I guess the test (best done without too much fanfare) would be to get a few people well acquainted with Loom or whichever wrapper tool and identify a few complex tasks and see whether the base model or the RLHF model performs better.
Even if true though, I don’t think it’s really a mark against RLHF since it’s still likely that RLHF makes outputs safer for the vast majority of users, just that if we think we’re in an ideas arms-race with people trying to advance capabilities, we can’t expect everyone to be using RLHF’d models.
These three links are:
The first is Mysteries of mode collapse, which claims that RLHF (as well as OpenAI’s supervised fine-tuning on highly-rated responses) decreases entropy. This doesn’t seem particularly related to any of the claims in this paragraph, and I haven’t seen it explained why this is a bad thing.
The second is Discovering language model behaviors with model-written evaluations and shows that Anthropic’s models trained with RLHF have systematically different personalities than the pre-trained model. I’m not exactly sure what claims you are citing, but I think it probably involves some big leaps to interpret this as either directly harmful or connected with traditional stories about risk.
The third is Compendium of problems with RLHF, which primarily links to the previous 2 failures and then discusses theoretical limitations.
I think these are bad citations for the claim that methods are “not working well” or that current evidence points towards trouble.
The current problems you list—”unhelpful, untruthful, and inconsistent”—don’t seem like good examples to illustrate your point. These are mostly caused by models failing to correctly predict which responses a human would rate highly. That happens because models have limited capabilities and is rapidly improving as models get smarter. These are not the problems that most people in the community are worried about, and I think it’s misleading to say this is what was “theorized” in the past.

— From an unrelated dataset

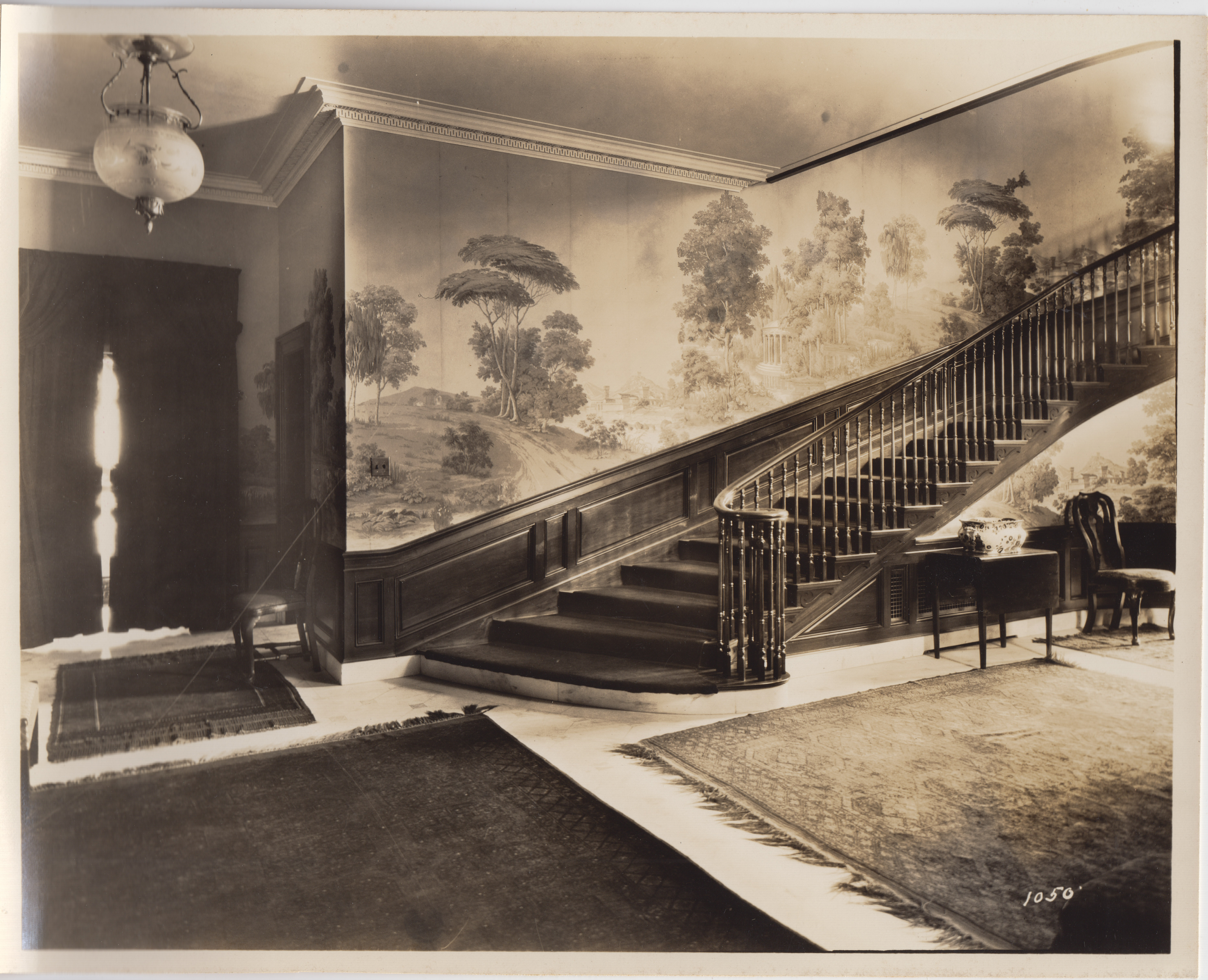 Sam Tate House or the "Pink House" (hall and staircase), completed in 1926 using Etowah pink marble quarried at the Georgia Marble Company south of the home, Tate, Georgia, ca. 1920s

I think RLHF is obviously inadequate for aligning really powerful models, both because you cannot effectively constrain a deceptively aligned model and because human evaluators will eventually not be able to understand the consequences of proposed actions. And I think it is very plausible that large language models will pose serious catastrophic risks from misalignment before they are transformative (it seems very hard to tell). But I feel like this post isn’t engaging with the substance of those concerns or sensitive to the actual state of evidence about how severe the problem looks like it will be or how well existing mitigations might work.

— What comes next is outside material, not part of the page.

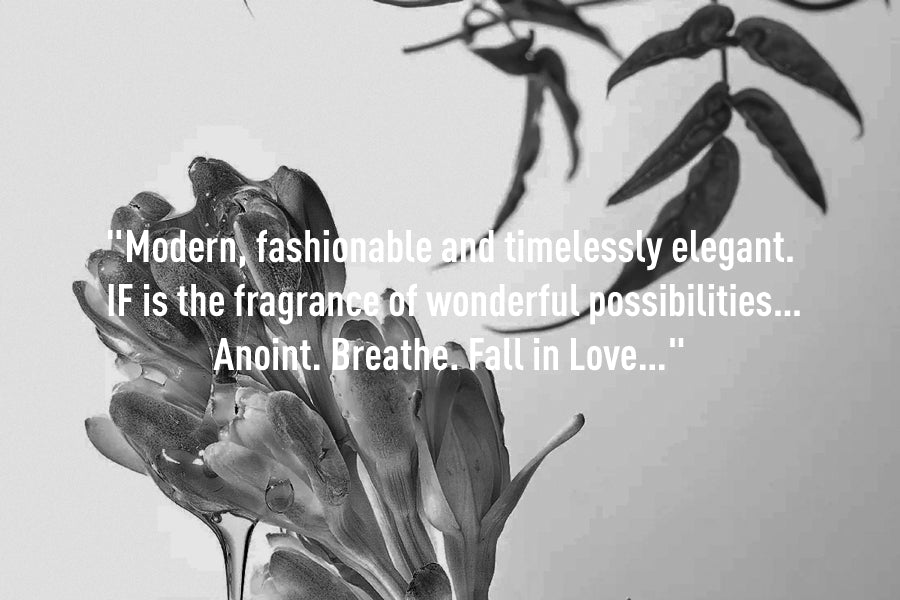 "モダンでファッショナブル、時を超えて漂うエレガンス。無限の可能性を秘めた香り、それがIF。纏い、深く息を吸い込み、そして心を奪われる。"

A new paper, built upon the compendium of problems with RLHF, tries to make an exhaustive list of all the issues identified so far: Open Problems and Fundamental Limitations of Reinforcement Learning from Human Feedback
Agree that the cited links don’t represent a strong criticism of RLHF but I think there’s an interesting implied criticism, between the mode-collapse post and janus’ other writings on cyborgism etc that I haven’t seen spelled out, though it may well be somewhere.
I see janus as saying that if you know how to properly use the raw models, then you can actually get much more useful work out of the raw models than the RLHF’d ones. If true, we’re paying a significant alignment tax with RLHF that will only become clear with the improvement and take-up of wrappers around base models in the vein of Loom.
I guess the test (best done without too much fanfare) would be to get a few people well acquainted with Loom or whichever wrapper tool and identify a few complex tasks and see whether the base model or the RLHF model performs better.
Even if true though, I don’t think it’s really a mark against RLHF since it’s still likely that RLHF makes outputs safer for the vast majority of users, just that if we think we’re in an ideas arms-race with people trying to advance capabilities, we can’t expect everyone to be using RLHF’d models.